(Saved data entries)
= = = = =
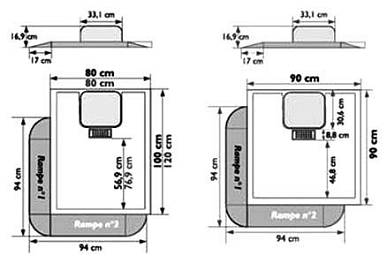 Доступен пандус в качестве опции (стандартный или угловой). Поставляется со сверхплоским сливным отверстием и съемной решеткой из нержавеющей стали.
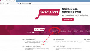 Sur la page d’accueil du site de la Sacem, vous cliquez sur Créateurs et éditeurs dans le bandeau du haut puis sur Documents et brochures qui s’affiche. Cochez Bulletins de déclaration dans Affinez votre recherche
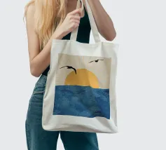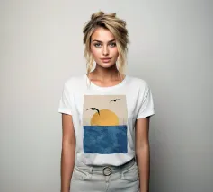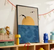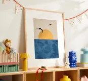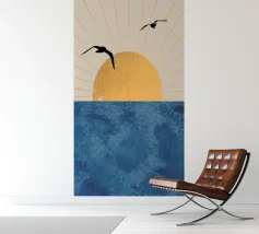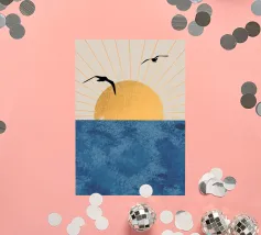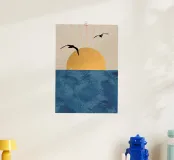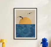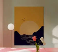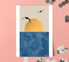 This poster captures the essence of calm with a minimalist sunset (or sunrise) over the ocean. The textured golden circle and silhouetted seagulls create a retro and refined atmosphere. It is perfect for bringing a feeling of vacation or relaxation into a bedroom, living room, or bathroom. Nature art paint, sun art, ocean view, nature wall art
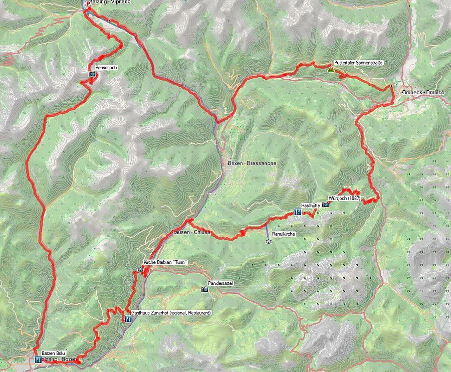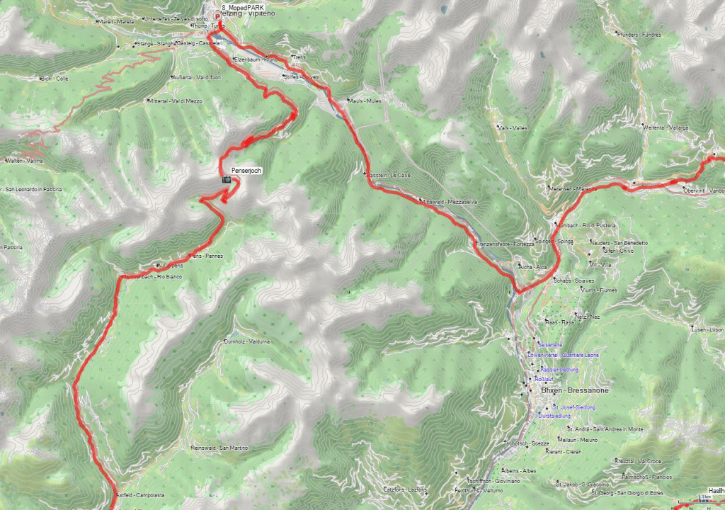 Kennt IHR das eigentlich auch, dass ihr bei gewissen Strecken oder Zielen eine gewisse Fahrtrichtung favorisiert? Bei mir ist das z. B. beim Penserjoch so. Eigentlich fahre ich es lieber aus Richtung Sterzing kommend und dann, wie bei einem Abfahrtslauf den Zielhang hinabrutschend, durch das Sarntal nach Bozen. Heute also einmal umgekehrt und die Perspektiven aus dieser Richtung genießend.
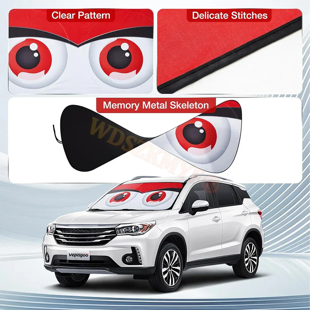 Car Cartoon Devil's Eye Foldable Windshield Sun Shade – 59" x 27.5" Funny Sun Visor
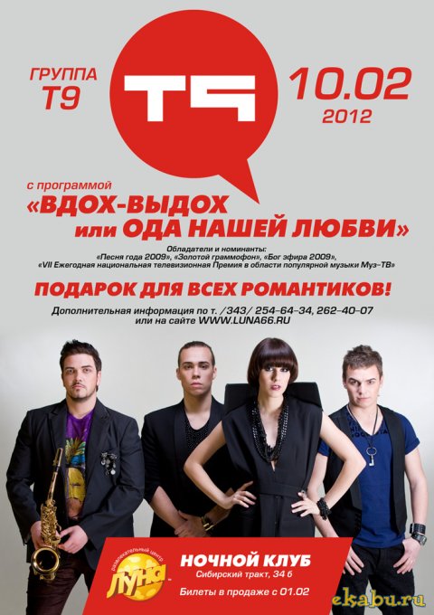 Билеты на единственный концерт группы «Т9» в Ночном клубе «Луна» можно приобрести в кассах РЦ «Луна».
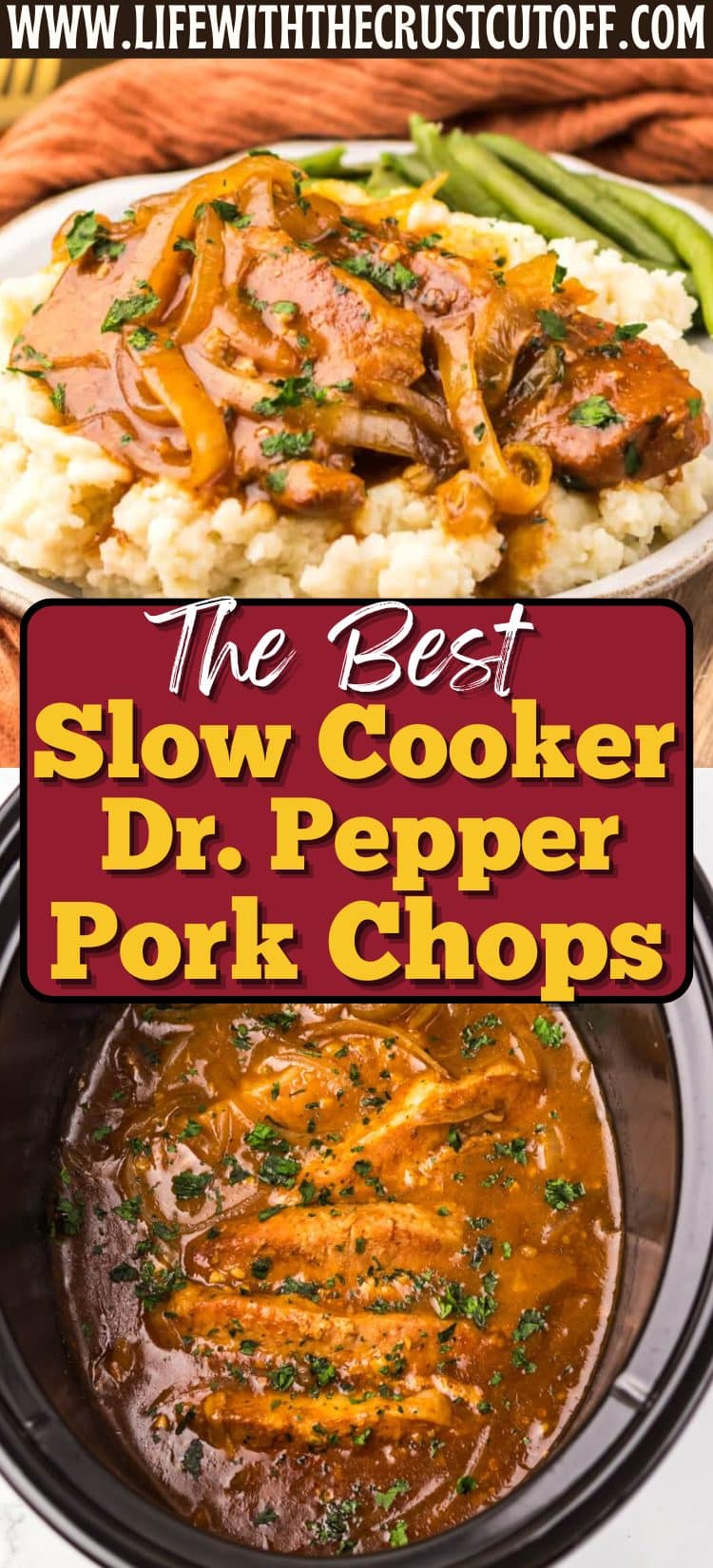 Based on this image's title: “Easy Dr. Pepper Slow Cooker Pork Chops Recipe”
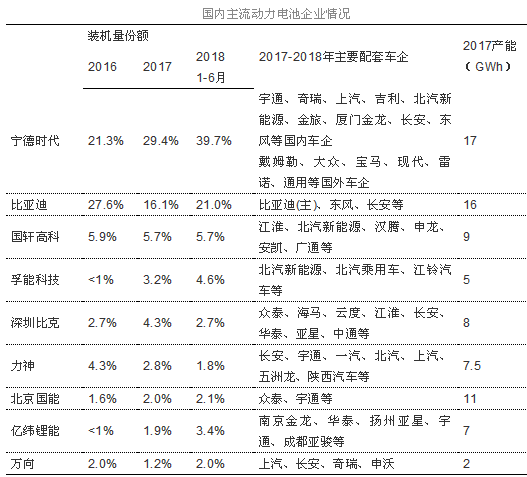 产能的高端与低端是相对的,一般根据动力电池产品品质、生产技术水平、企业综合实力、市场份额、应用领域来区分,通常也是主流车企的配套首选。高端产能的市场需求量正在提高,可从装机量说明。2017年我国前10家动力电池企业装机量总和达到26.7GWh,市场占有率为73.6%,2018年上半年增长到约85%。国内主流动力电池企业以宁德时代、比亚迪为龙头,是高端产能的集中阵营,贡献了行业内70%以上的装机需求量。其中龙头企业宁德时代、比亚迪的市场占有率由2017年的45.5%,提升到2018年上半年的60.7%。
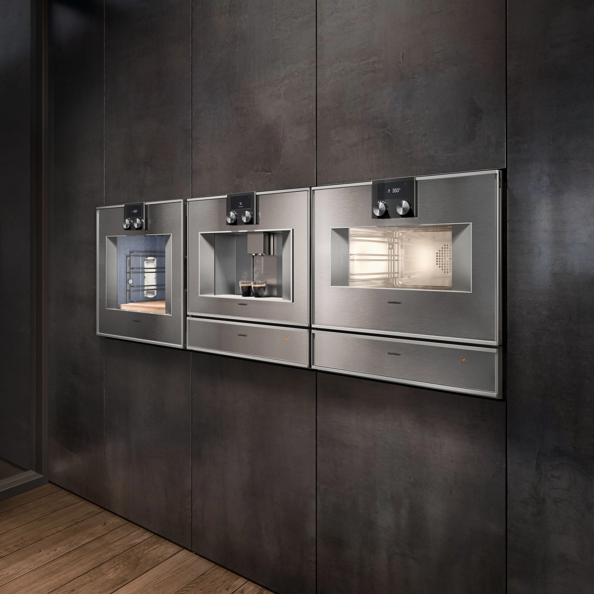 Der Gaggenau Serie 400 Kaffeevollautomat vereint modernes Design mit perfekter Profi Kochkunst. Die grifflose Vollglastür und silbern gebürstete Oberfläche aus Edelstahl bzw. dunklem Anthrazit treffen auf Highclass Funktionen und aromatischen Kaffeegenuss.
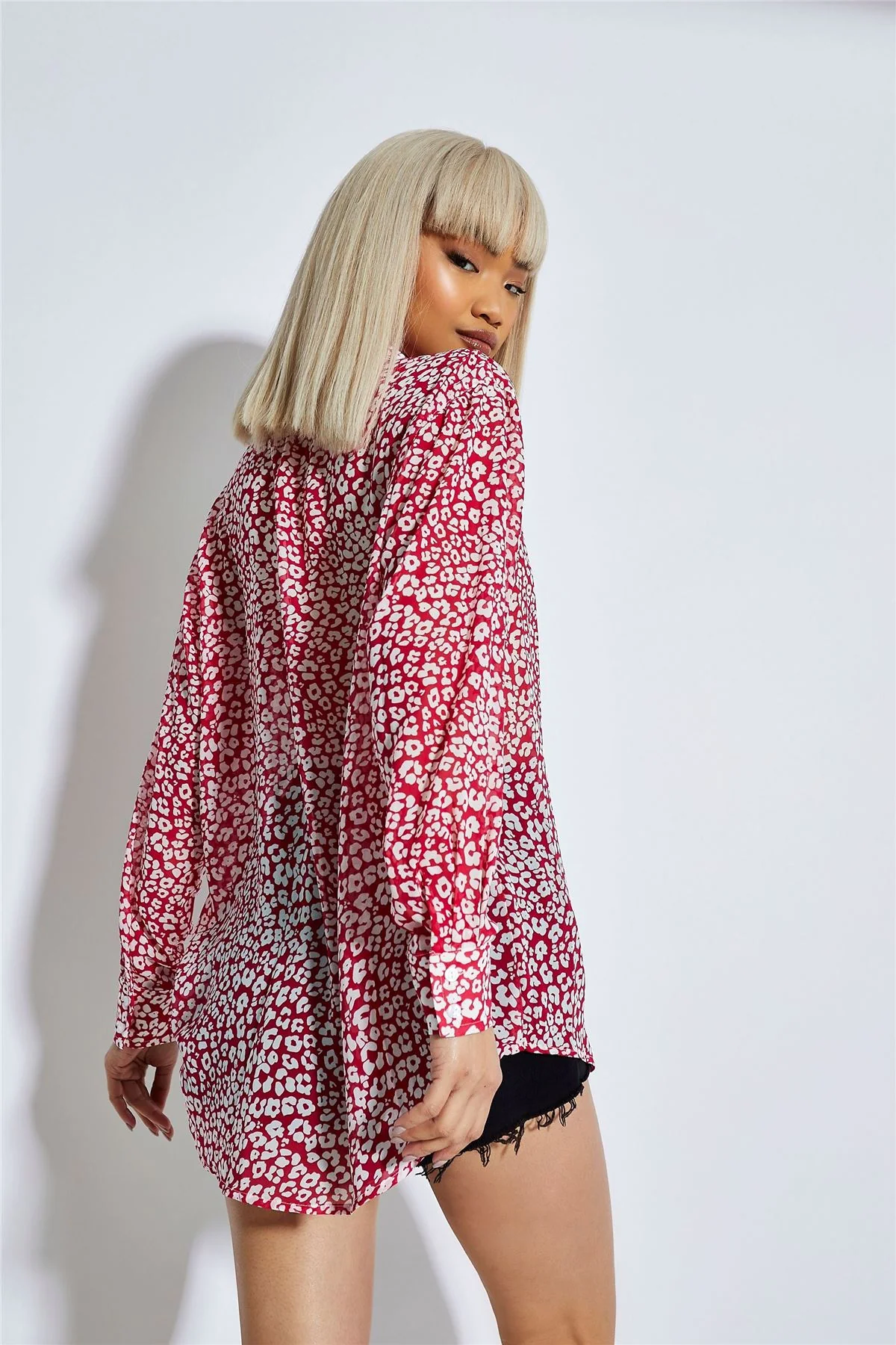 Red-Leopard Chiffon Classic-Shirt
= = = = =
WHAT TO PRODUCE:
Give back exactly the lines from the one containing "Sur la page" through the last line above, both included, and none of the pictures.

ANSWER TO THE PROBLEM:
 Sur la page d’accueil du site de la Sacem, vous cliquez sur Créateurs et éditeurs dans le bandeau du haut puis sur Documents et brochures qui s’affiche. Cochez Bulletins de déclaration dans Affinez votre recherche
 This poster captures the essence of calm with a minimalist sunset (or sunrise) over the ocean. The textured golden circle and silhouetted seagulls create a retro and refined atmosphere. It is perfect for bringing a feeling of vacation or relaxation into a bedroom, living room, or bathroom. Nature art paint, sun art, ocean view, nature wall art
 Kennt IHR das eigentlich auch, dass ihr bei gewissen Strecken oder Zielen eine gewisse Fahrtrichtung favorisiert? Bei mir ist das z. B. beim Penserjoch so. Eigentlich fahre ich es lieber aus Richtung Sterzing kommend und dann, wie bei einem Abfahrtslauf den Zielhang hinabrutschend, durch das Sarntal nach Bozen. Heute also einmal umgekehrt und die Perspektiven aus dieser Richtung genießend.
 Car Cartoon Devil's Eye Foldable Windshield Sun Shade – 59" x 27.5" Funny Sun Visor
 Билеты на единственный концерт группы «Т9» в Ночном клубе «Луна» можно приобрести в кассах РЦ «Луна».
 Based on this image's title: “Easy Dr. Pepper Slow Cooker Pork Chops Recipe”
 产能的高端与低端是相对的,一般根据动力电池产品品质、生产技术水平、企业综合实力、市场份额、应用领域来区分,通常也是主流车企的配套首选。高端产能的市场需求量正在提高,可从装机量说明。2017年我国前10家动力电池企业装机量总和达到26.7GWh,市场占有率为73.6%,2018年上半年增长到约85%。国内主流动力电池企业以宁德时代、比亚迪为龙头,是高端产能的集中阵营,贡献了行业内70%以上的装机需求量。其中龙头企业宁德时代、比亚迪的市场占有率由2017年的45.5%,提升到2018年上半年的60.7%。
 Der Gaggenau Serie 400 Kaffeevollautomat vereint modernes Design mit perfekter Profi Kochkunst. Die grifflose Vollglastür und silbern gebürstete Oberfläche aus Edelstahl bzw. dunklem Anthrazit treffen auf Highclass Funktionen und aromatischen Kaffeegenuss.
 Red-Leopard Chiffon Classic-Shirt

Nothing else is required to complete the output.